* Task directions: What is needed here is each entry reproduced exactly, without its pictures.

[Records from a collection]
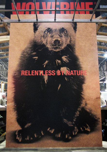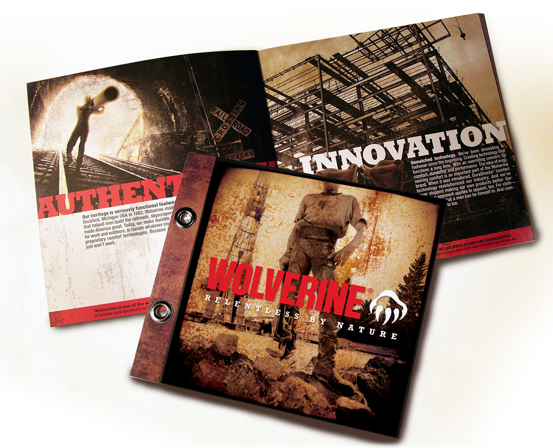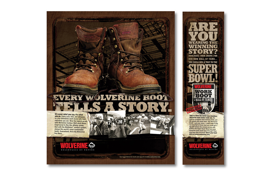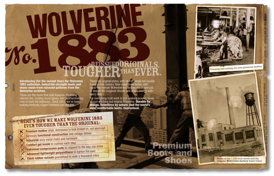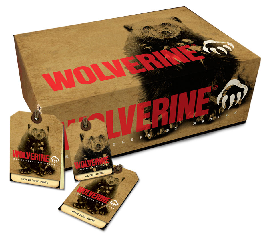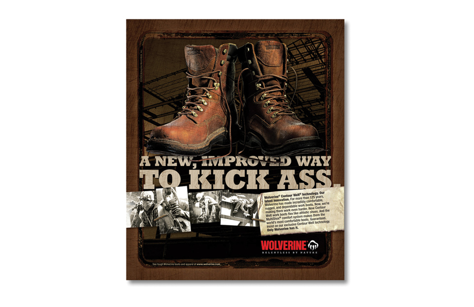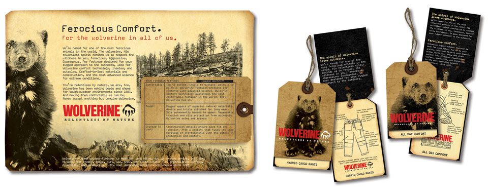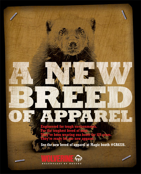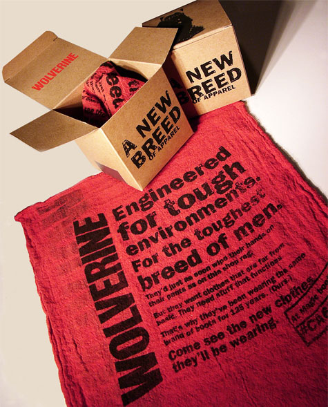 Apparel awareness campaign: Print ad helps retail buyers connect the tough new apparel line to the brand. Dimensional mailer was printed on a shop rag… because the Wolverine consumer would as soon wipe his hands on his pants as the rag.
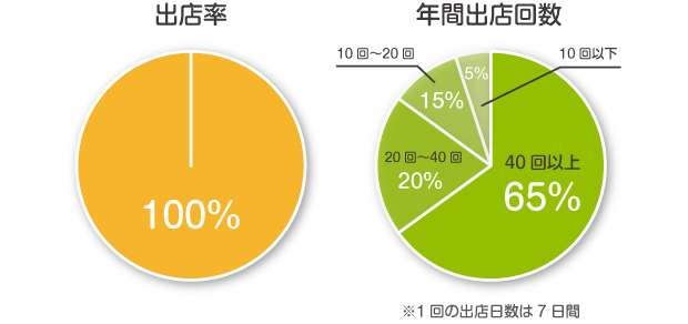 なお「催事.JP」に掲載をすると1年間で52週あるうち、40週以上出店しておられる業者様が実に65%
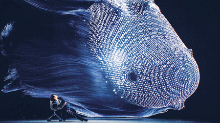 显而易见,创作这样一部视觉设计统领下的“融媒体舞剧”,主创不是“为视觉而视觉”“为融媒体而融媒体”的。那么为的是什么呢?当然是题材表现的内在诉求。这使笔者想起了一段往事:2020年11月10日北京时间上午9点整,中央电视台新闻频道,迅疾而清晰地叠映出一幅幅深渊大洋、科学考察船、水下潜水器的画面……随着叠映的画面,屏幕上出现一行醒目而振奋人心的标题:中国“奋斗者”号载人潜水器万米级试验。主播劳春燕音色激越地播报:“今天我们将共同见证:中国深潜事业乘风破浪的又一个高光时刻——中国‘奋斗者’号载人潜水器万米级海试成功坐底‘马沟’……”这个“马沟”就是位于西太平洋的马里亚纳海沟,深达11034米(我国载人潜水器的坐底处深10909米);坐底“马沟”意味着抵达了人类能够达到的地球最深点。对于我国载人深潜事业和这一高光时刻,习近平总书记致“奋斗者”号全海深载人潜水器成功完成万米海试并胜利返航的贺信中写道:“‘奋斗者’号研制及海试的成功,标志着我国具有了进入世界海洋最深处开展科学探索和研究的能力,体现了我国在海洋高技术领域的综合实力。从‘蛟龙’号、‘深海勇士’号到今天的‘奋斗者’号,你们以严谨科学的态度和自立自强的勇气,践行‘严谨求实、团结协作、拼搏奉献、勇攀高峰’的中国载人深潜精神,为科技创新树立了典范。”我们知道,负责“奋斗者”号研制及海试的核心团队,正是坐落在无锡太湖之滨的中国船舶科学研究中心(702所);无锡市歌舞剧院认为自己有责任有义务,通过对我国载人潜水器科学探索的艺术表现,通过对我国深潜团队、特别是对领军人物的性格刻画,彰显这种为科技创新树立了典范的“中国载人深潜精神”。
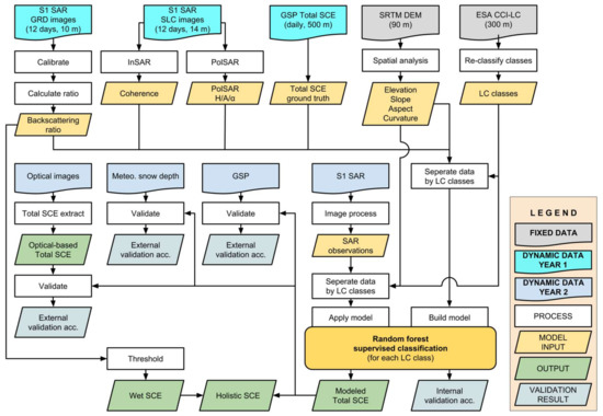 The overall workflow of mapping total SCE, by applying a supervised RF classification model set as well as detecting wet SCE with “Nagler’s method”, is illustrated in Figure 5.
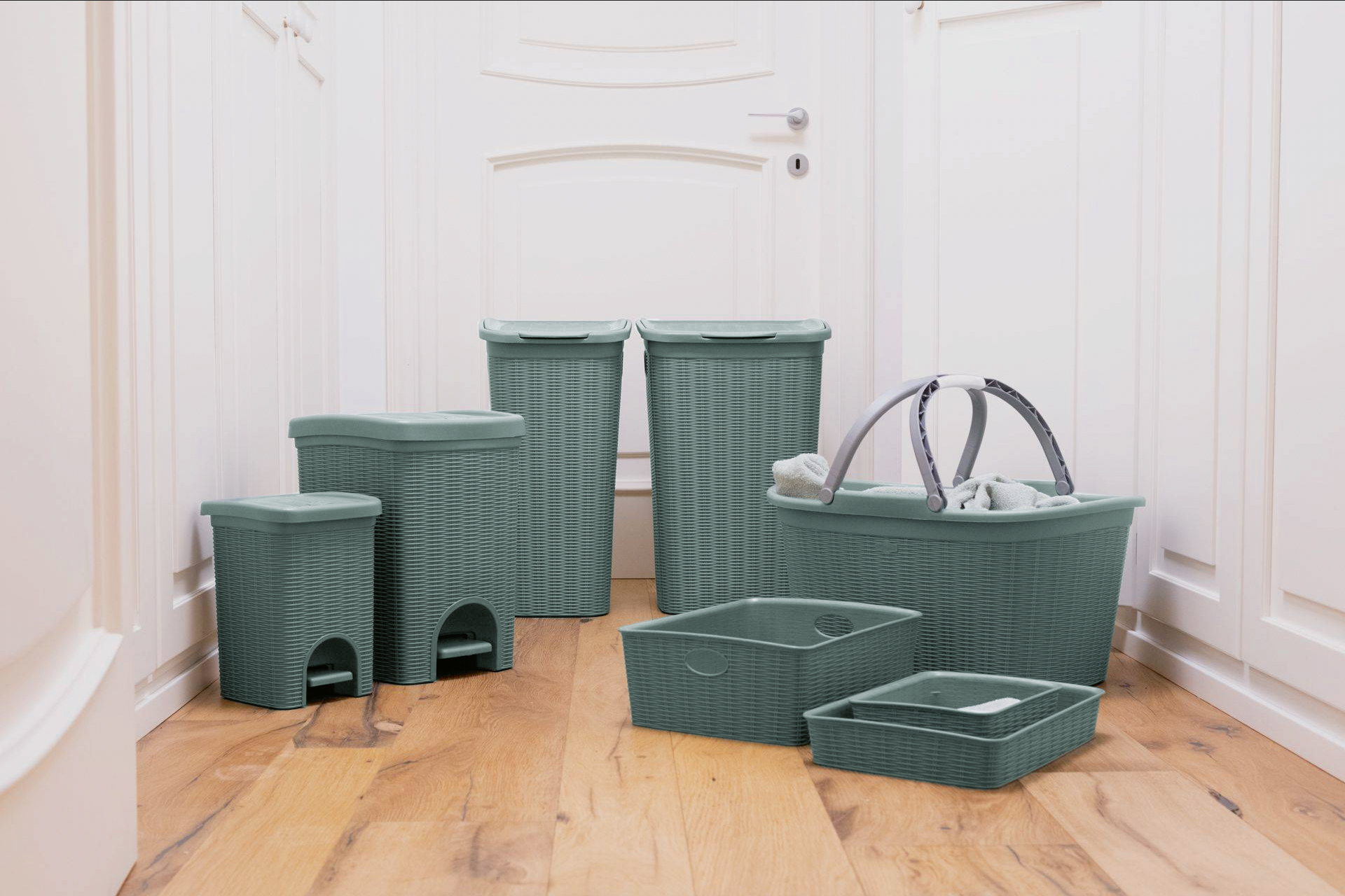 La vasta gamma di prodotti include: cestini portaoggetti, cassettiere a 3 e 4 cassetti, cesti portabiancheria con e senza manici, pattumiera da 6 e da 20 L con pedale, scopino da bagno, portabiancheria da 36 e 50 L e portaombrelli.

* Solved problem:
 Apparel awareness campaign: Print ad helps retail buyers connect the tough new apparel line to the brand. Dimensional mailer was printed on a shop rag… because the Wolverine consumer would as soon wipe his hands on his pants as the rag.
 なお「催事.JP」に掲載をすると1年間で52週あるうち、40週以上出店しておられる業者様が実に65%
 显而易见,创作这样一部视觉设计统领下的“融媒体舞剧”,主创不是“为视觉而视觉”“为融媒体而融媒体”的。那么为的是什么呢?当然是题材表现的内在诉求。这使笔者想起了一段往事:2020年11月10日北京时间上午9点整,中央电视台新闻频道,迅疾而清晰地叠映出一幅幅深渊大洋、科学考察船、水下潜水器的画面……随着叠映的画面,屏幕上出现一行醒目而振奋人心的标题:中国“奋斗者”号载人潜水器万米级试验。主播劳春燕音色激越地播报:“今天我们将共同见证:中国深潜事业乘风破浪的又一个高光时刻——中国‘奋斗者’号载人潜水器万米级海试成功坐底‘马沟’……”这个“马沟”就是位于西太平洋的马里亚纳海沟,深达11034米(我国载人潜水器的坐底处深10909米);坐底“马沟”意味着抵达了人类能够达到的地球最深点。对于我国载人深潜事业和这一高光时刻,习近平总书记致“奋斗者”号全海深载人潜水器成功完成万米海试并胜利返航的贺信中写道:“‘奋斗者’号研制及海试的成功,标志着我国具有了进入世界海洋最深处开展科学探索和研究的能力,体现了我国在海洋高技术领域的综合实力。从‘蛟龙’号、‘深海勇士’号到今天的‘奋斗者’号,你们以严谨科学的态度和自立自强的勇气,践行‘严谨求实、团结协作、拼搏奉献、勇攀高峰’的中国载人深潜精神,为科技创新树立了典范。”我们知道,负责“奋斗者”号研制及海试的核心团队,正是坐落在无锡太湖之滨的中国船舶科学研究中心(702所);无锡市歌舞剧院认为自己有责任有义务,通过对我国载人潜水器科学探索的艺术表现,通过对我国深潜团队、特别是对领军人物的性格刻画,彰显这种为科技创新树立了典范的“中国载人深潜精神”。
 The overall workflow of mapping total SCE, by applying a supervised RF classification model set as well as detecting wet SCE with “Nagler’s method”, is illustrated in Figure 5.
 La vasta gamma di prodotti include: cestini portaoggetti, cassettiere a 3 e 4 cassetti, cesti portabiancheria con e senza manici, pattumiera da 6 e da 20 L con pedale, scopino da bagno, portabiancheria da 36 e 50 L e portaombrelli.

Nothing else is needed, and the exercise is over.